SERVICE AVAILABILITY

• Are the facilities housing the service provider adequately secured (video surveillance, access control, etc.)?
• Are the RPOs and RTOs consistent with the business’ requirements?
• How often are backups taken, are they maintained off-site, and have backups and restores been tested to your satisfaction?
• Are standard backup methods and media used just in case the business needs to bring data back in-house?
• Are maintenance and maintenance windows satisfactory according to your operational needs?
• What types of technical security do they employ (i.e., firewalls, virus protection, intrusion detection devices, etc.)?
• Are their hours of operation coincident with yours?
• If you are a global company do they provide multilingual support?
• Are there clear escalation procedures in case of an incident?
• Does the vendor provide global diversity so if one site goes down another can be used in its place?

OPERATIONAL

• Have they corrected any areas of concern to your business?
• What capacity planning do they have in place to meet the growing needs of your business?
• What standards of practice do they adhere to (i.e., ISO 27001, BS25999, etc.)?
• Do they have a patch management program in place and what is it? Does it meet your requirements?
• Do their SlAs meet your business and operational requirements?

Summary

I have developed a hosting questionnaire which I require each cloud service vendor to complete to the satisfaction of my client, and I recommend you do the same. Sometimes it takes a few iterations to complete the form to the satisfaction of my client, but when completed, it does provide documentation of due diligence and a clearer picture of what can be expected from the service provider. If the vendor will not complete the questionnaire, then it would be best to move on to another vendor – regardless of cost. If you can’t come to terms before a contract or statement of work is signed, it will be ten times more difficult after the signature to come to an agreement. If the cloud provider does not comply with your needs, you may be better off developing your own cloud.
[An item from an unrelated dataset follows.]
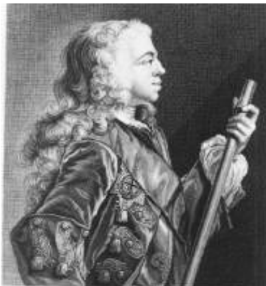
Stadhouder Willem IV

want ook de Fransen hadden grondgebied in Amerika. De oorlogen tegen de Fransen hadden de Engelsen veel geld gekost, waardoor de in hun deel van Noord-Amerika meer belasting gingen heffen. De burgers van de 13 staten, die onder Engels heertogen in opstand en verklaarden zichzelf onafhankelijk. Onder leiding van George Washington werd een 6 jaar lange oorlog gevoerd om de Engelsen eruit te werken. In 1783 was het eindelijk zover en werd Washington president.
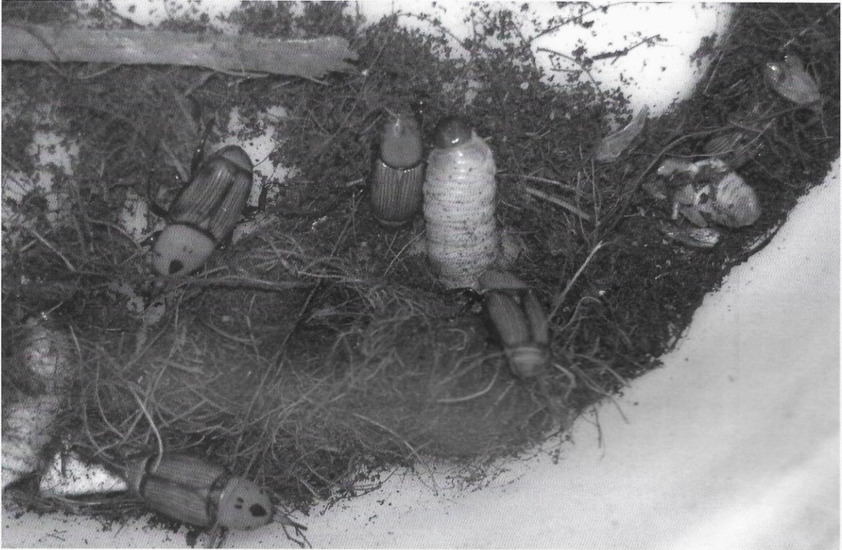
Ultimi stadi larvali, una pupa ed adulti di Rhynchophorus ferrugineus (Olivier) rinvenuti contemporaneamente nella stessa palma infestata.

et al., 1996), e in poco più di un decennio è stato segnalato anche in Francia meridionale, Corsica, Sardegna, Italia, Sicilia, Grecia e Turchia. L'infestazione si è sempre originata da focolai costituiti involontariamente da aziende florovivaistiche che commerciano palme adulte destinate all'arredo urbano. Anche in Medio Oriente questo fitofago è stato introdotto a causa del commercio, particolarmente quando, negli anni '80, cominciarono ad essere diffusamente coltivate in estremo oriente la palma da dattero, la palma da olio africana ( Eleis guineensis Jacq.) e la palma cubana ( Roystonea regia O. F. Cook). Negli stessi anni il curculionide giunse negli Emirati Arabi, e da qui si diffuse in Medio Oriente, rivelandosi estremamente dannoso per i dattileti egiziani e della penisola arabica.

This article has only scratched the surface and provided information on the basic questions that should be asked and answered to protect businesses utilizing cloud service providers. The intent of this article was to inform the reader that there are many types of cloud service offerings and ways to reduce and/or eliminate problems. The primary issue is one of due diligence. We as corporate or government IT security or business continuity experts need to make sure our organizational leaders have the necessary information to make informed choices for the protection of critical and sensitive information, to allow them to decide between implementing adequate controls and safeguards now to protect against risks, or to potentially pay later in reparations and damaged reputation.